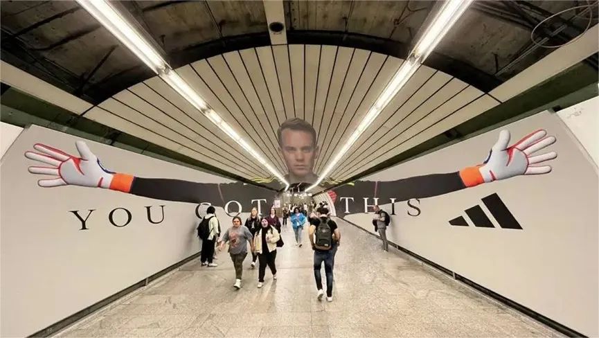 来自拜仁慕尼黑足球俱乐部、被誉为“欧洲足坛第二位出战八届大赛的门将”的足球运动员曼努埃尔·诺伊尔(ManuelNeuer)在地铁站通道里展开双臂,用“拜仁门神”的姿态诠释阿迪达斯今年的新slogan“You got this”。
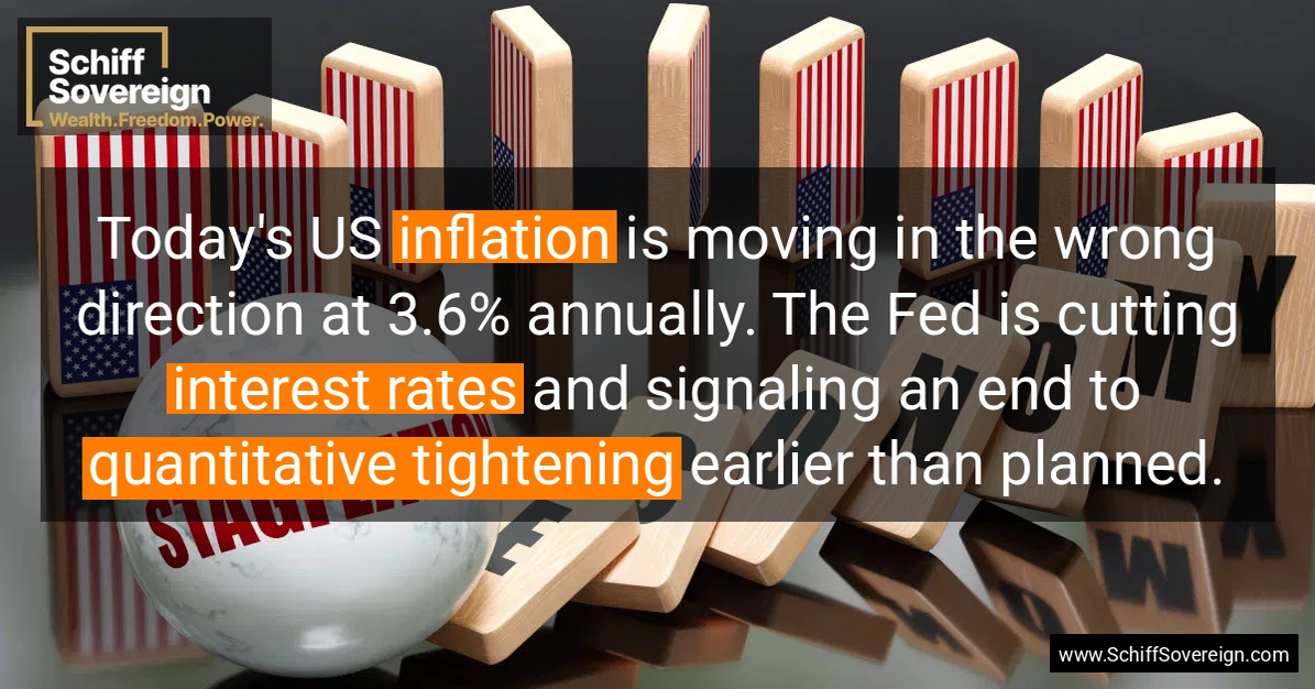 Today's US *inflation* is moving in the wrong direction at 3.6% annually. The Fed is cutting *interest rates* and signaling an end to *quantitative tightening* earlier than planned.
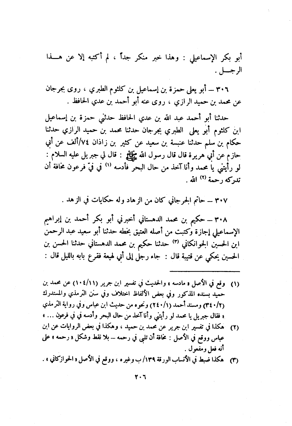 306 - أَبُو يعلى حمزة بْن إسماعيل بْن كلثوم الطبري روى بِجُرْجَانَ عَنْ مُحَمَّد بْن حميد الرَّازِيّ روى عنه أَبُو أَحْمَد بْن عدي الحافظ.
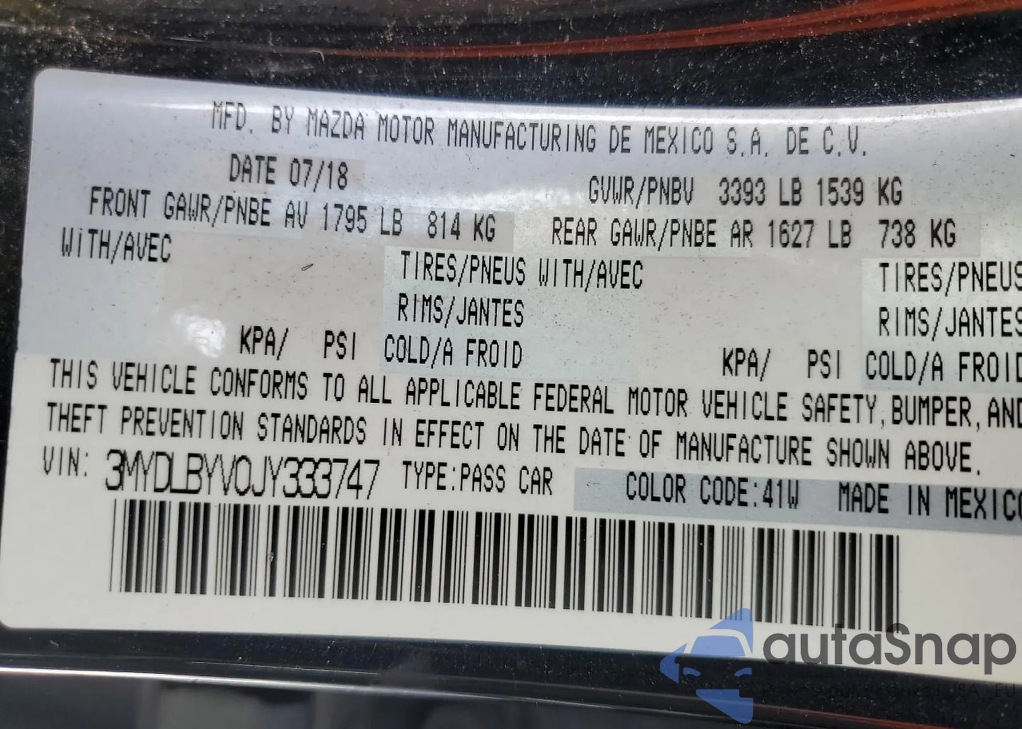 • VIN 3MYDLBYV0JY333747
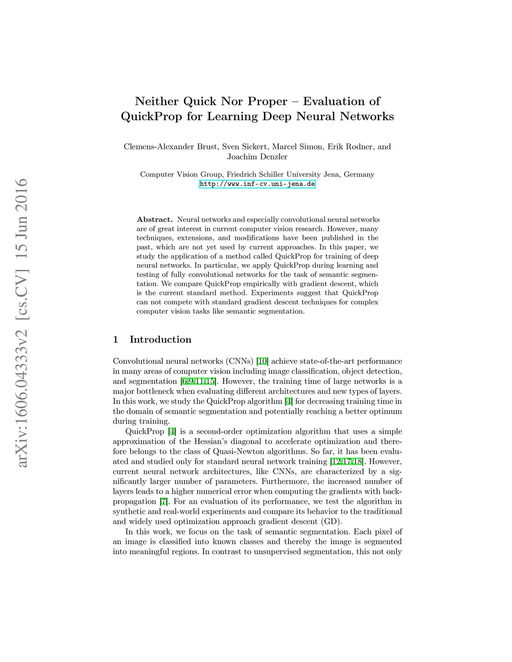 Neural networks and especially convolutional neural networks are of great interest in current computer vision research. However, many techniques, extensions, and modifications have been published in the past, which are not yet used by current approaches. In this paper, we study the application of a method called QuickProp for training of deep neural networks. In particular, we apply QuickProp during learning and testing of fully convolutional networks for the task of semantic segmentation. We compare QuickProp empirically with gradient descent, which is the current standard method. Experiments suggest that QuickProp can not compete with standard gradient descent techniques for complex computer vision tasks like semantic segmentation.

◆ WHAT TO PRODUCE:
Nothing but the pictures should be left out when the records are retyped exactly.

◆ TASK OUTPUT:
 来自拜仁慕尼黑足球俱乐部、被誉为“欧洲足坛第二位出战八届大赛的门将”的足球运动员曼努埃尔·诺伊尔(ManuelNeuer)在地铁站通道里展开双臂,用“拜仁门神”的姿态诠释阿迪达斯今年的新slogan“You got this”。
 Today's US *inflation* is moving in the wrong direction at 3.6% annually. The Fed is cutting *interest rates* and signaling an end to *quantitative tightening* earlier than planned.
 306 - أَبُو يعلى حمزة بْن إسماعيل بْن كلثوم الطبري روى بِجُرْجَانَ عَنْ مُحَمَّد بْن حميد الرَّازِيّ روى عنه أَبُو أَحْمَد بْن عدي الحافظ.
 • VIN 3MYDLBYV0JY333747
 Neural networks and especially convolutional neural networks are of great interest in current computer vision research. However, many techniques, extensions, and modifications have been published in the past, which are not yet used by current approaches. In this paper, we study the application of a method called QuickProp for training of deep neural networks. In particular, we apply QuickProp during learning and testing of fully convolutional networks for the task of semantic segmentation. We compare QuickProp empirically with gradient descent, which is the current standard method. Experiments suggest that QuickProp can not compete with standard gradient descent techniques for complex computer vision tasks like semantic segmentation.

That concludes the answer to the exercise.